## Available data

• • • •

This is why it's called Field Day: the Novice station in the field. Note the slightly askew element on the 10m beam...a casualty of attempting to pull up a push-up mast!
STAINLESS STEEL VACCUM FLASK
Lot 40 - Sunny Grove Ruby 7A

• • • •

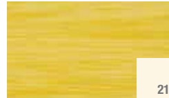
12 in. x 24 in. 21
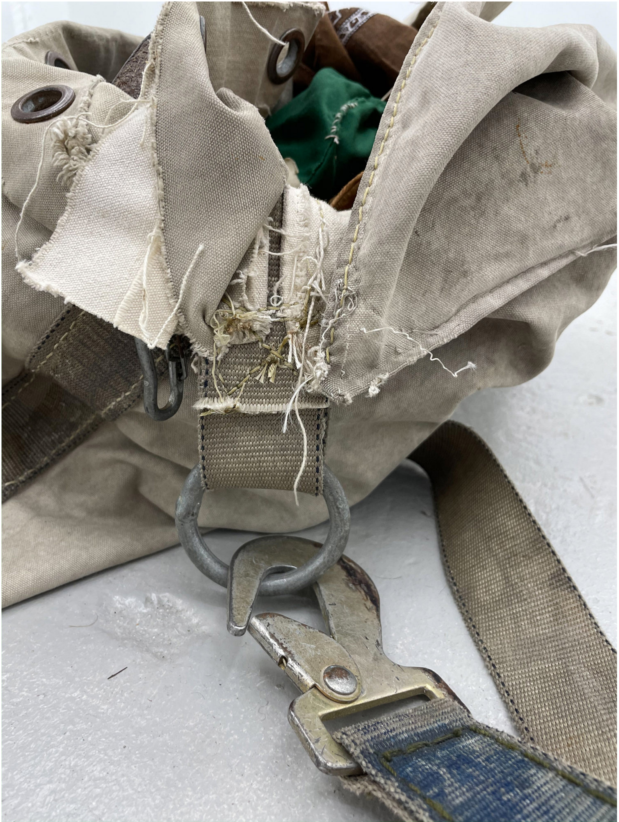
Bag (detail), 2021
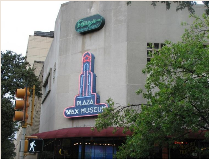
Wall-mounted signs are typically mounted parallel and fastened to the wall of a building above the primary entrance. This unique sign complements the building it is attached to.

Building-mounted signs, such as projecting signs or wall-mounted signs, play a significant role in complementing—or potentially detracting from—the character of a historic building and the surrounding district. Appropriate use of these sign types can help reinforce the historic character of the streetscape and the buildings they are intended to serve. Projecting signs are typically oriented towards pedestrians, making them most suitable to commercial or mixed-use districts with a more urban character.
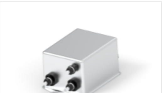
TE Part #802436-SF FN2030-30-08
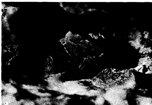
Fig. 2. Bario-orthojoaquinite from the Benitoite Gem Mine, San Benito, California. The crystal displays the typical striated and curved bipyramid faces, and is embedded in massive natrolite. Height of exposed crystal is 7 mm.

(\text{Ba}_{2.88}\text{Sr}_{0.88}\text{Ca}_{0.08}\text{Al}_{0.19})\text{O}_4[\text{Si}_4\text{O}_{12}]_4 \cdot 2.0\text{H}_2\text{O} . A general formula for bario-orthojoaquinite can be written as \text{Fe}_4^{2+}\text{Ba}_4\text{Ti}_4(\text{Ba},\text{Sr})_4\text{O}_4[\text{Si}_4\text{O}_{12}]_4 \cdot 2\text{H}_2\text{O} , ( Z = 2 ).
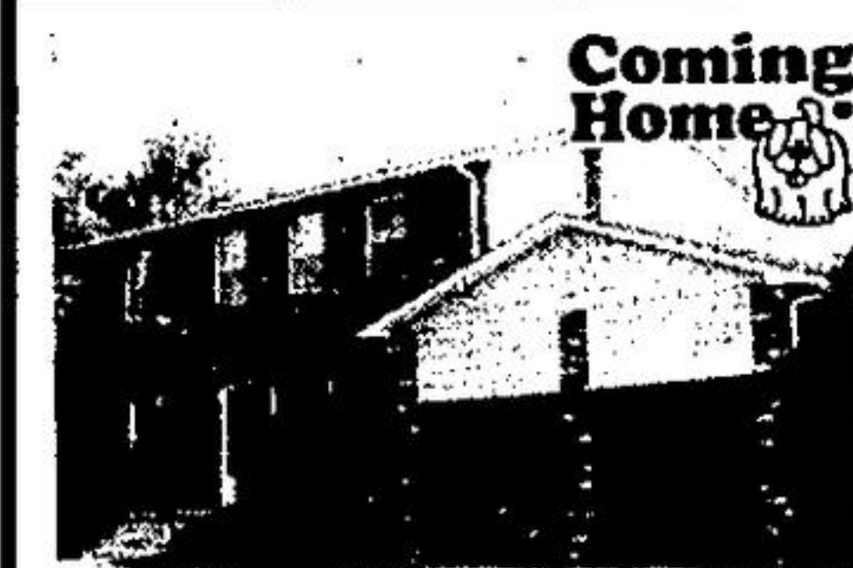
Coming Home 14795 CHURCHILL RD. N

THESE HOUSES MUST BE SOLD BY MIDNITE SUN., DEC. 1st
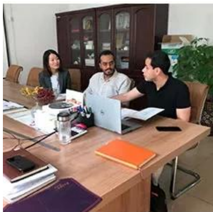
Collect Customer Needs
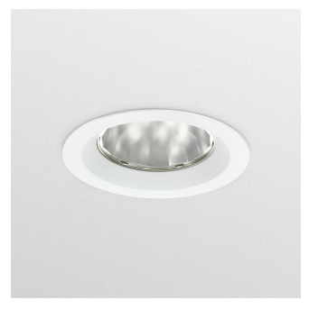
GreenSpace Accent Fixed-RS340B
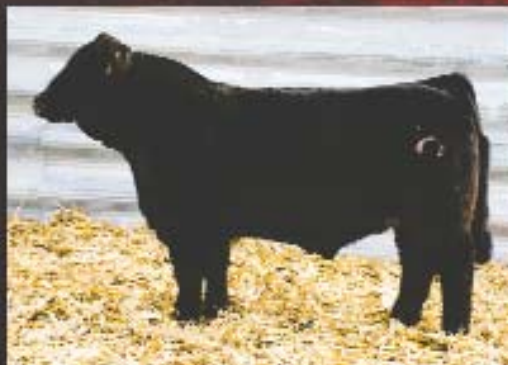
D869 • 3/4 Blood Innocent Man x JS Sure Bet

• • • •

## Work to complete
Working from the material above, retype exactly the lines from the one with "This is why" through the one with "Lot 40 - Sunny Grove Ruby 7A", both included, and only those lines.

## Solved exercise
This is why it's called Field Day: the Novice station in the field. Note the slightly askew element on the 10m beam...a casualty of attempting to pull up a push-up mast!
STAINLESS STEEL VACCUM FLASK
Lot 40 - Sunny Grove Ruby 7A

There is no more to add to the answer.